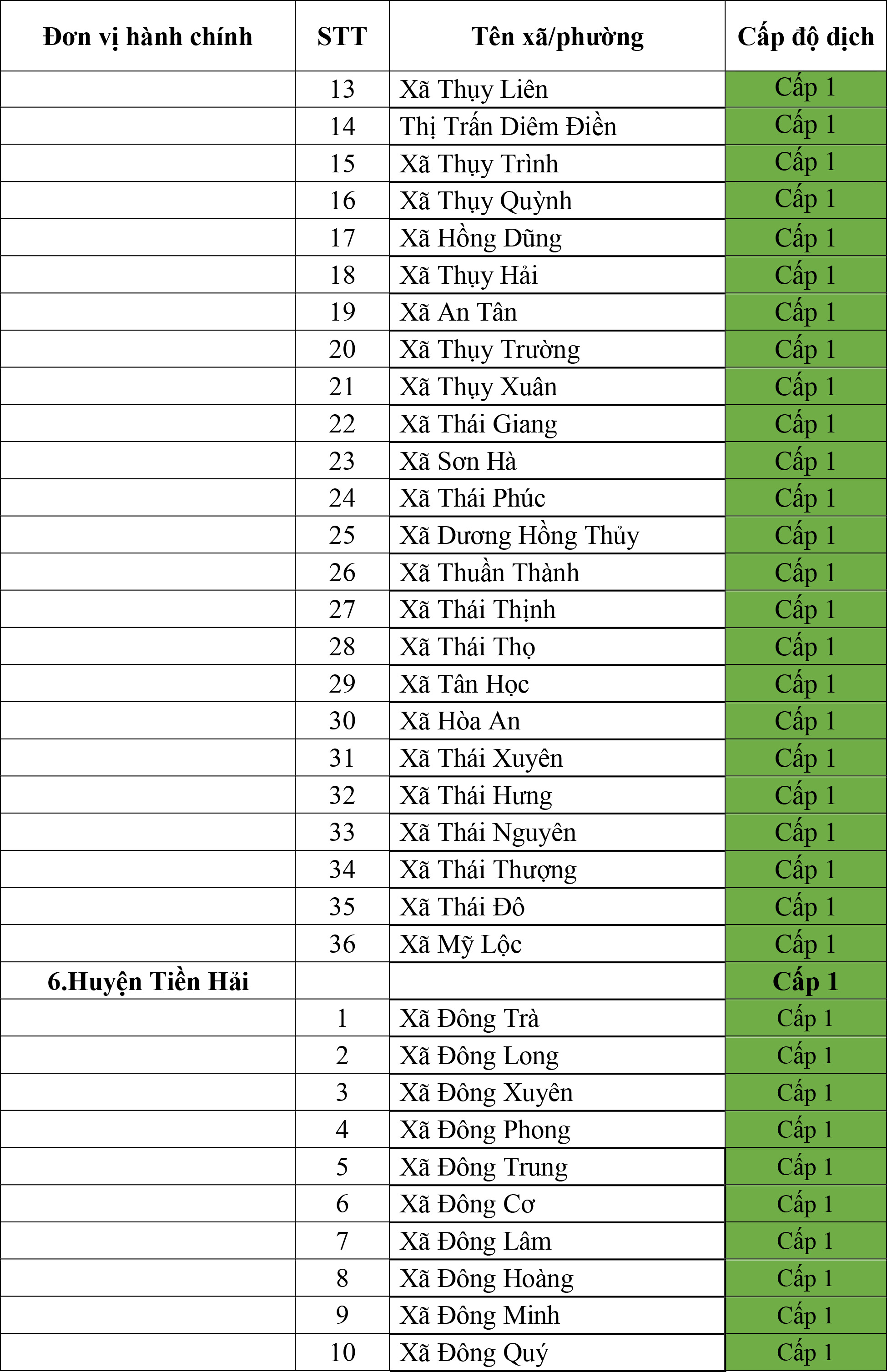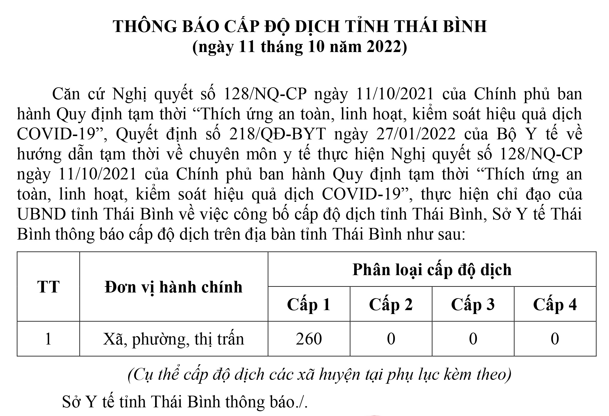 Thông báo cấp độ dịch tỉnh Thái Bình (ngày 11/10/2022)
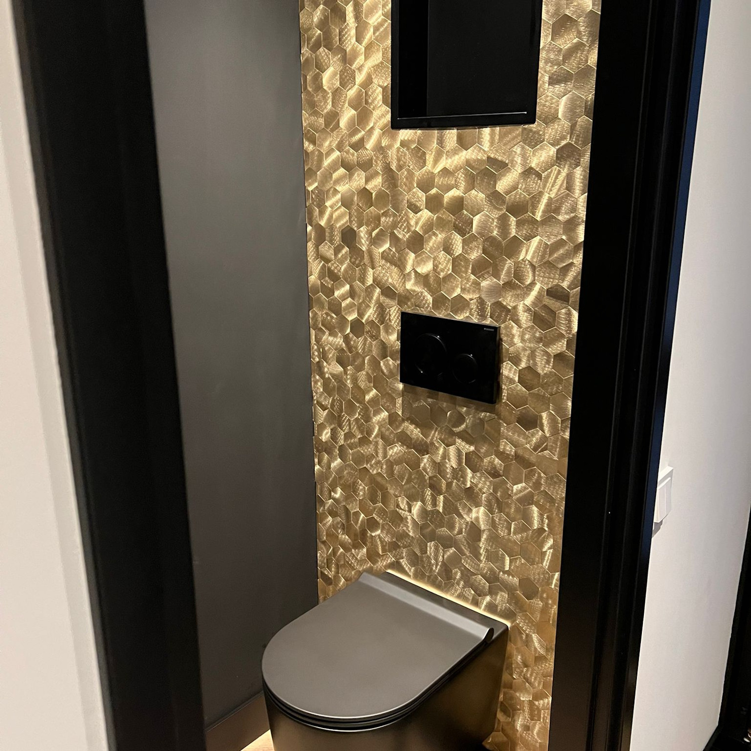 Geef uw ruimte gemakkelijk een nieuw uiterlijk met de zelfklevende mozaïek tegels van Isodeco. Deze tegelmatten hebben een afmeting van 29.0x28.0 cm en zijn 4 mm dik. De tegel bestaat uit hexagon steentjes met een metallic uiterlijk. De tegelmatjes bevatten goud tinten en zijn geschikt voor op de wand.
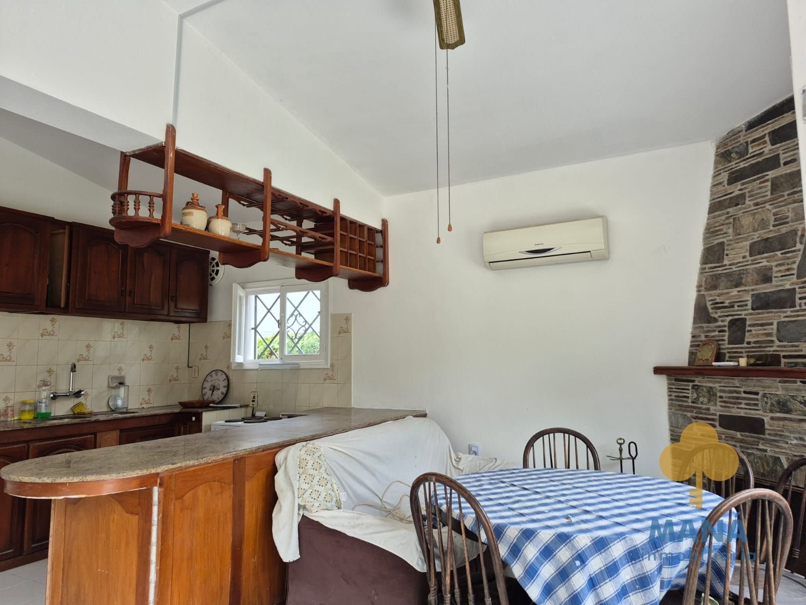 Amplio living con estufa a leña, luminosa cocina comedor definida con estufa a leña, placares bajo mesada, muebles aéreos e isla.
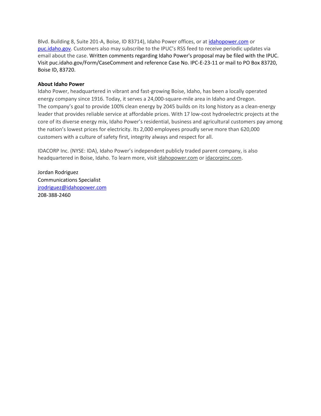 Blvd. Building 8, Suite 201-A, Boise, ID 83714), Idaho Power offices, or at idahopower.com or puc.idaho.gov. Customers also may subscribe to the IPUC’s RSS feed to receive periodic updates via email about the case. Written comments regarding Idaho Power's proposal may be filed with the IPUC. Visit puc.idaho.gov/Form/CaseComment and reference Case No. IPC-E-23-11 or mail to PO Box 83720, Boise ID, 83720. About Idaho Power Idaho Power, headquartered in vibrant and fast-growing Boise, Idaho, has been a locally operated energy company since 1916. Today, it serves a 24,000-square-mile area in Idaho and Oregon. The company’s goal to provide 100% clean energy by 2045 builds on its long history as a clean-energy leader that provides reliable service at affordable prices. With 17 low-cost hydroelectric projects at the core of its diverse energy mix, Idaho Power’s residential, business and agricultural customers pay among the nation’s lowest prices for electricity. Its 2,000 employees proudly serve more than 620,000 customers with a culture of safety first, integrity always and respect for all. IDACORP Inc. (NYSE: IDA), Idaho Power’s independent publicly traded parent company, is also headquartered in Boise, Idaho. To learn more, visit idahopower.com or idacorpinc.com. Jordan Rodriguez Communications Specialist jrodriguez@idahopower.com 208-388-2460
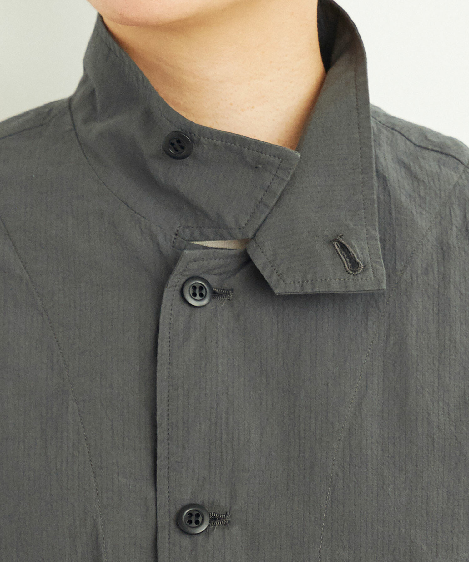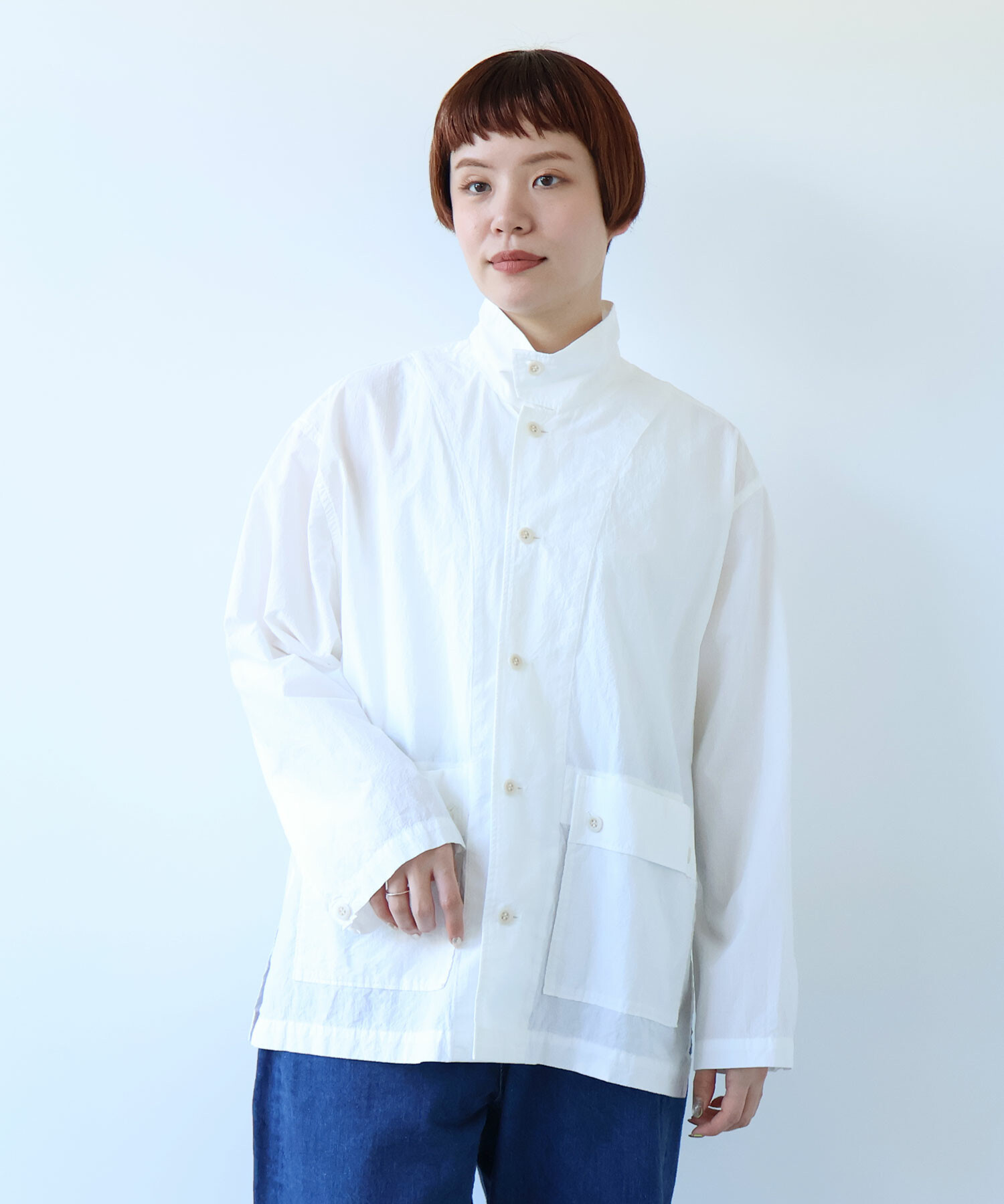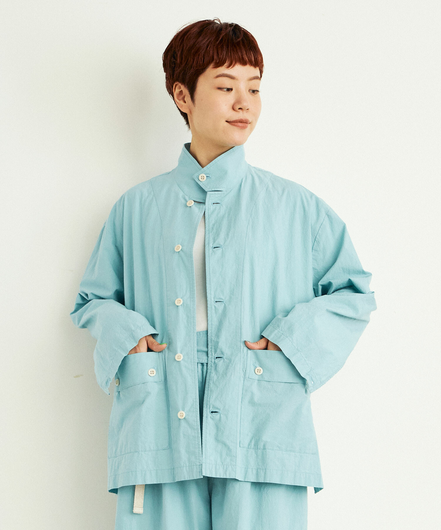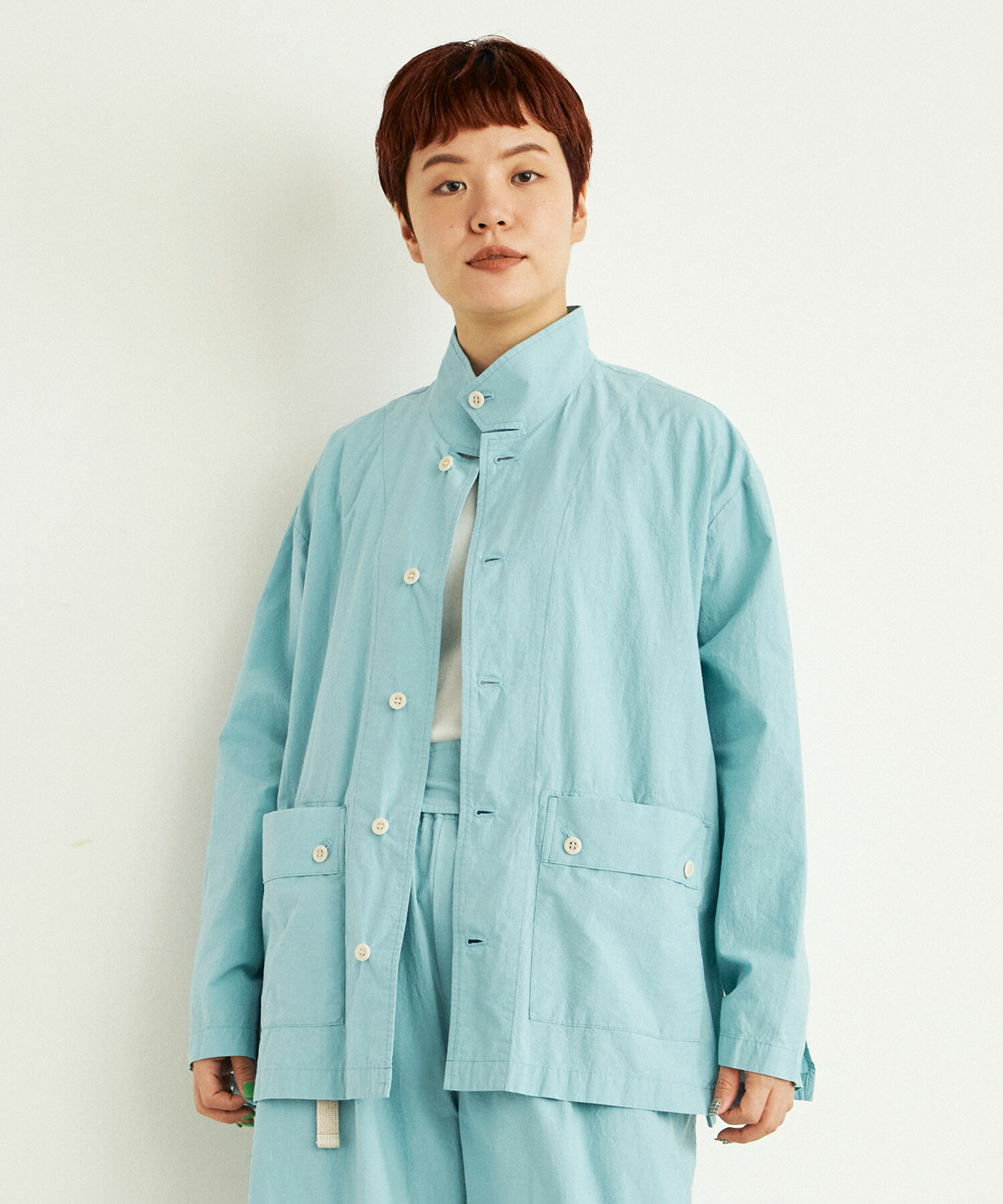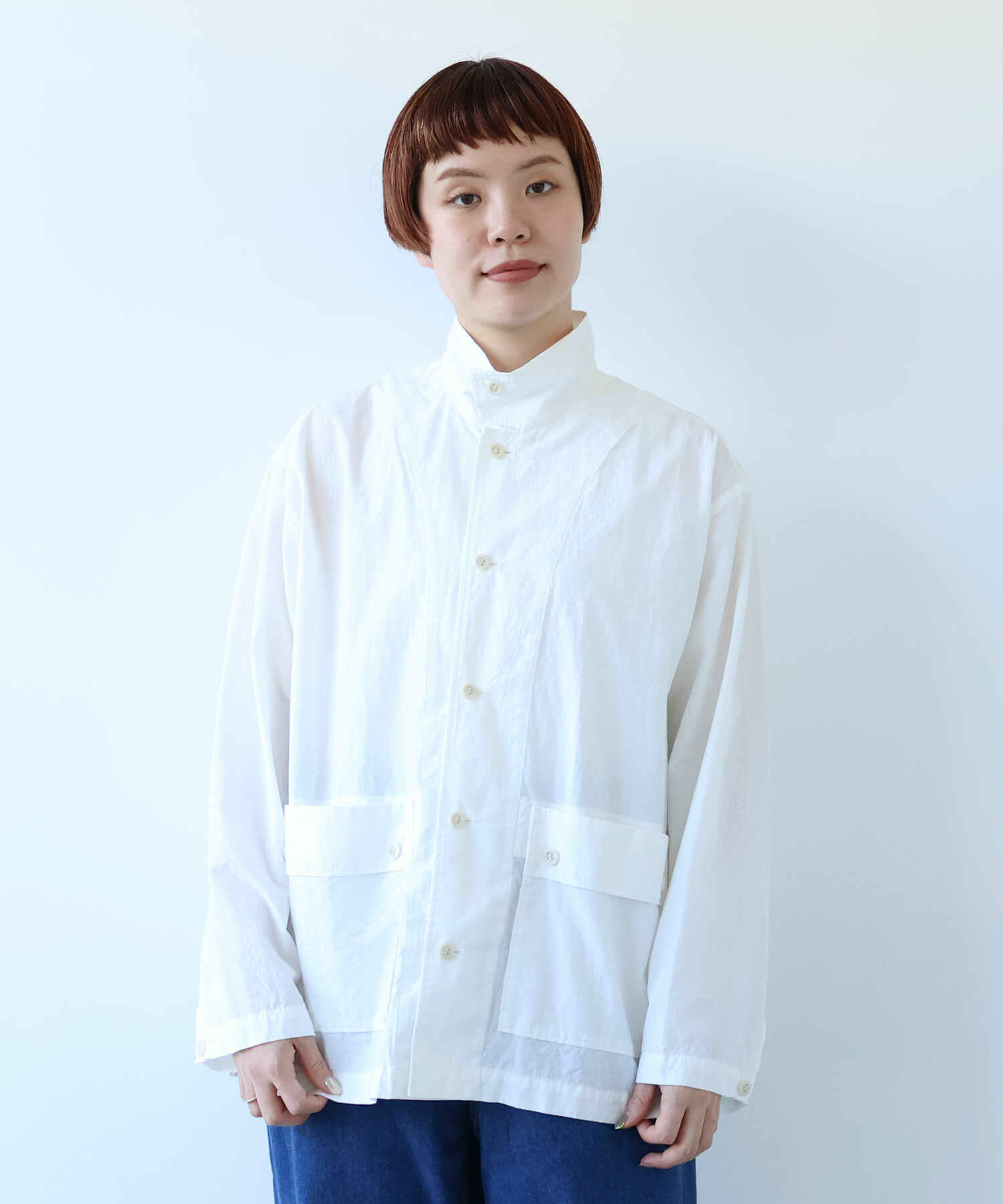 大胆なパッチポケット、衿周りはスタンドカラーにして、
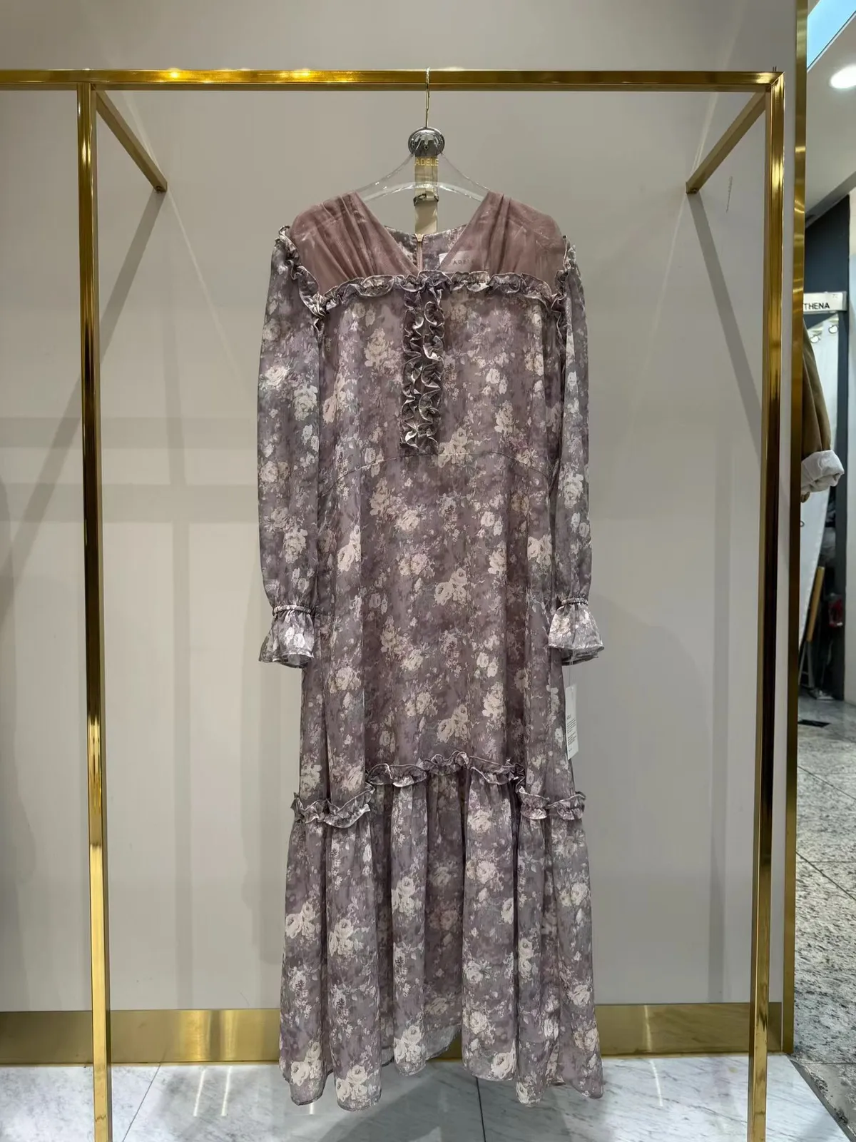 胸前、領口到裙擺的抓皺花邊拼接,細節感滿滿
==========
Could you transcribe exactly the lines from the start of the records through the line containing "Geef uw ruimte", both ends included, leaving the pictures out?

### EXERCISE SOLUTION
 Thông báo cấp độ dịch tỉnh Thái Bình (ngày 11/10/2022)
 Geef uw ruimte gemakkelijk een nieuw uiterlijk met de zelfklevende mozaïek tegels van Isodeco. Deze tegelmatten hebben een afmeting van 29.0x28.0 cm en zijn 4 mm dik. De tegel bestaat uit hexagon steentjes met een metallic uiterlijk. De tegelmatjes bevatten goud tinten en zijn geschikt voor op de wand.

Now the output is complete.